The high-speed multiplication process can be carried out with Modified Booth's algorithm. We can reduce the quantity of products by half. This modified booth multiplier's computation time and the logarithm of the word length of operands are proportional to each other. The implemented multiplier is of 4-bits. The radix-4 Booth algorithm which is utilized here speeds up the multiplier and diminishes the space of the circuit. In this calculation, every other column is multiplied by 0 or +1 or +2 or - 1 or - 2, rather than moving and amassing every column of the Booth multiplier. Therefore, the use of this Booth algorithm can reduce number of the partial product by half. Depending on the multiplier bits, the encoding process of the multiplicand is performed by the base 4 Booth encoder. The overlapping process is used to compare three bits at a time. The grouping of the bits starts with the least significant bit. In the least significant bit, the first block uses only two bits of the Booth multiplier, and zero is assumed to be the third bit.

The table 2.1 shows functional operations of the radix-4 Booth encoder that comprises of eight distinct sorts of states.
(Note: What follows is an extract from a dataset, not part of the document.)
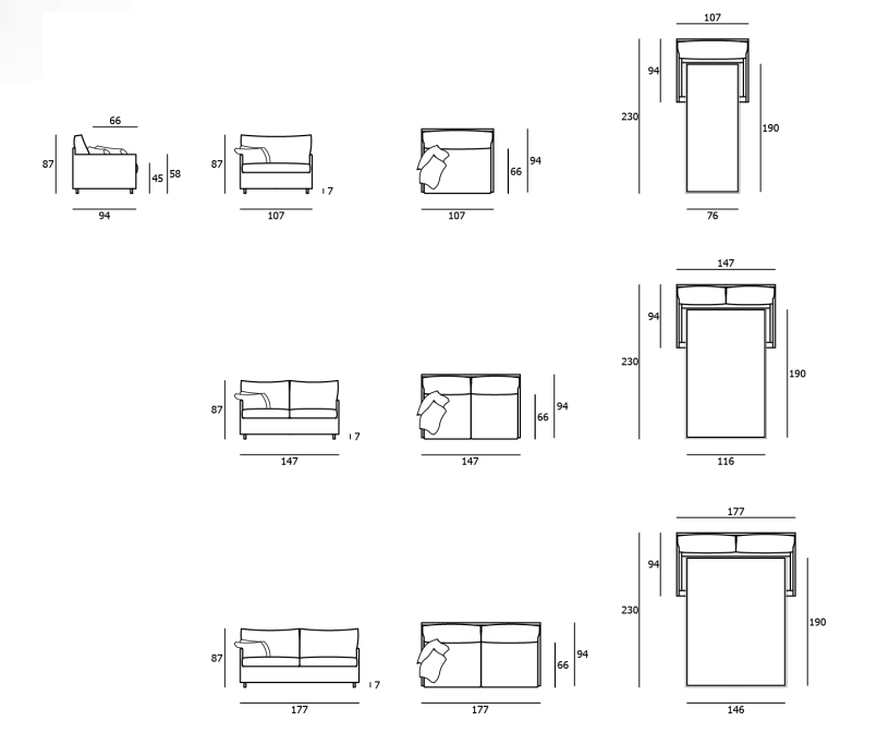 Sofa bed with structure in poplar plywood. Covering in 100% polyether thermally bonded onto a polyamide velveteen backing. Seat cushion with preformed, differentiated density polyurethane foam structure, coated with acrylic fibre layers. Back cushions in prewashed and sterilized goose down, stitched into separate compartments with insert in polyurethane foam. Black PVC feet. Fabric or leather upholstery, both fully removable by zippers and Velcro fastenings. Fabric upholstery only, with flounce 4cm from the floor. The leather version is always without flounce. Electro-welded orthopedic base, high tensile steel frame with epoxy powder coating finish. Steel spring mattress with 100% cotton cover. Cover in fabric, to protect the base. Seat depth 68cm.

The results or multiplication of multiplicand with 0, 1, 2, -1 and - 2 are successively acquired during these eight states.

| Multiplier bits block |   |            | Recoded 1-bit pair |    | 2 bit booth |         |
|-----------------------|---|------------|--------------------|----|-------------|---------|
| <i>i</i> +1           | i | <i>i-1</i> | <i>i</i> +1        | i  | Multiplier  | Partial |
|                       |   |            |                    |    | Value       | Product |
| 0                     | 0 | 0          | 0                  | 0  | 0           | Mx0     |
| 0                     | 0 | 1          | 0                  | 1  | 1           | Mx1     |
| 0                     | 1 | 0          | 1                  | -1 | 1           | Mx1     |
| 0                     | 1 | 1          | 1                  | 0  | 2           | Mx2     |
| 1                     | 0 | 0          | -1                 | 0  | -2          | Mx-2    |
| 1                     | 0 | 1          | -1                 | 1  | -1          | Mx-1    |
| 1                     | 1 | 0          | 0                  | -1 | -1          | Mx-1    |
| 1                     | 1 | 1          | 0                  | 0  | 0           | Mx0     |

Table 2.1: Booth Recoding Table

The major steps for the radix-4 booth algorithm are given below:

- The first position sign bit is extended if required. It is done to ensure that the total number of bits is even.
- Then a zero is added to the right of the least significant bit of the multiplier.
- After the above steps, each partial product will 0, +1, -1, +2 or -2, according to the value of the vector.

# CHAPTER 3 RTL to GDSII flow

Design streams are the express blend of electronic design automation tools to achieve the plan of an integrated circuit. Moore's law has driven the whole IC execution from RTL to GDSII configuration streams from which one basically utilizes independent routing, synthesis and placement algorithms to a coordinated development and examination streams for design conclusion. The RTL to GDSII stream went through critical changes from 1980 through 2005. The ongoing scaling of CMOS advancements fundamentally changed the targets of the different design steps. The absence of good indicators for delay has prompted huge changes in late design streams. New scaling difficulties, for example, reliability, variability and leakage power will keep on requiring critical changes to the design stream from a bunch of discrete design steps to a completely integrated methodology and what further changes are coming to address the most recent difficulties.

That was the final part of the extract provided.